Early Case Assessment has come back to the forefront of eDiscovery. For a number of years, people focused solely on speeding up the document review process and forgot about the importance of culling data to reduce the volume of material that needs to be reviewed. Given the rapidly increasing volume of ESI, the demand is to get more done, in less time, for less money without sacrificing the quality of the end product. Early Case Assessment tools to the rescue.
Email threading analysis is an extremely effective tool to reduce the volume of data that needs to be examined. Due to the nature of email threading, teams can achieve both significant increases in efficiency and quality. Combined with some workflow improvements, impressive results can be obtained.
Think about how people generally create document review sets. They assign material by custodians to coding/review staff. The problem with this approach is that email chains may be broken when documents sets are arbitrarily created in sets of “X Number” of documents. Reviewers only get a partial story, since all relevant information is not included in their review set. Reviewers can’t possibly understand complex chains of communications if they only have access to parts of the whole. Organizing data by complete conversation, combined with the ability to read only the “inclusive” or most rich email entries, can dramatically reduce the total documents that must be reviewed.
What is an Inclusive Email?
In structured analytics, there are two types of email messages:
- Inclusive – Defined as an email that contains unique content not included in any other email and therefore, MUST be reviewed. For example, emails with no replies or forwards are by definition inclusive as is the last email in a thread.
- Non-Inclusive – Any email whose text and attachments are fully contained in another (inclusive) email. (see footnote 1 for a complete description of email inclusions)
Focusing staff review on only the inclusive emails and removing duplicates will dramatically shorten the review process without any loss in accuracy. The role of the email threading analytics engine is to derive the email threads and determine which subset of each conversation constitutes the minimal inclusive set. Inclusiveness analysis ensures that even the smallest changes in content will not be missed by reviewers.

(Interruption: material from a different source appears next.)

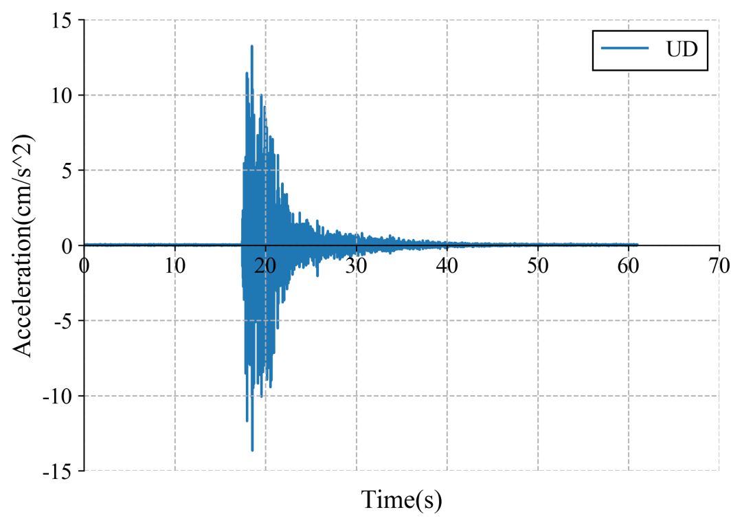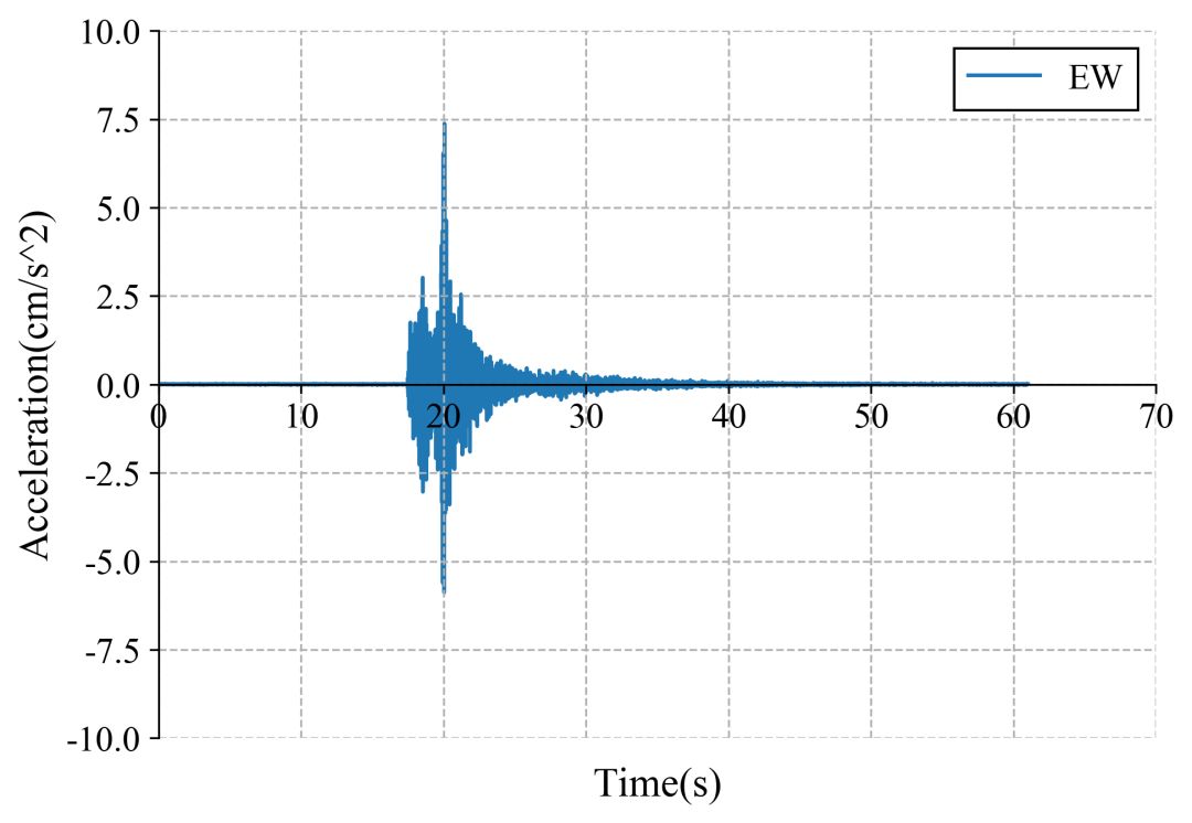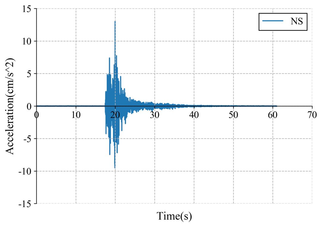 63ZMS记录台站位置北纬38.21度,东经100.05度(图1),记录到水平向地震动峰值加速度为13.0cm/s2,竖直向地震动峰值加速度为13.7cm/s2。该地震动如图2、图3所示。

Using Email Threading Analytics Improves Document Review Results
Email threading assessment during an ECA process increases awareness of the content of the document corpus by:
- Understanding the scope your case more quickly since it allows you to focus in on entire conversations rather than just snippets. This can be used to improve search term selection, prioritize custodians and concept cluster choices earlier in the process.
- Improving consistency in coding decisions. Since reviewers are seeing the entire context, small snippets of a conversation may have a clearer meaning and should result in a more consistent and accurate coding calls.
- Providing a great Quality Assessment/Quality Control tool to look for inconsistent coding calls by reviewing all the documents in the thread. In particular, reviewing coding decisions on privilege are easier to review and validate.
- Reviewing only inclusive emails will dramatically reduce the number of individual records that have to be reviewed resulting in obvious cost savings. Additionally, it will improve reviewers understanding of the overall content within a single email chain.
In its most simple form, email threading is an improved method for organizing the data to make your review process more efficient and effective. The utilization of clustering analytics will provide further automated grouping of emails by content or topics which results in more efficient review and increased understanding. The goal of using these analytic tools before creating review sets is to provide the complete conversational thread to individual reviewers.
Using these advanced ECA techniques, you could automatically cluster email threads that discuss a particular topic such as “Prequalified Loan Packages” and then create review sets so that only a few people would focus on that topic. Each reviewer would obtain a more complete understanding of a complicated and important theme in the case, code them consistently and direct the information to the lead attorneys earlier in the process. With the proper implementation of email threading and clustering analytics, users can zero in on the important documents earlier in the case and the review team will achieve higher coding quality, improved decision making and better efficiency.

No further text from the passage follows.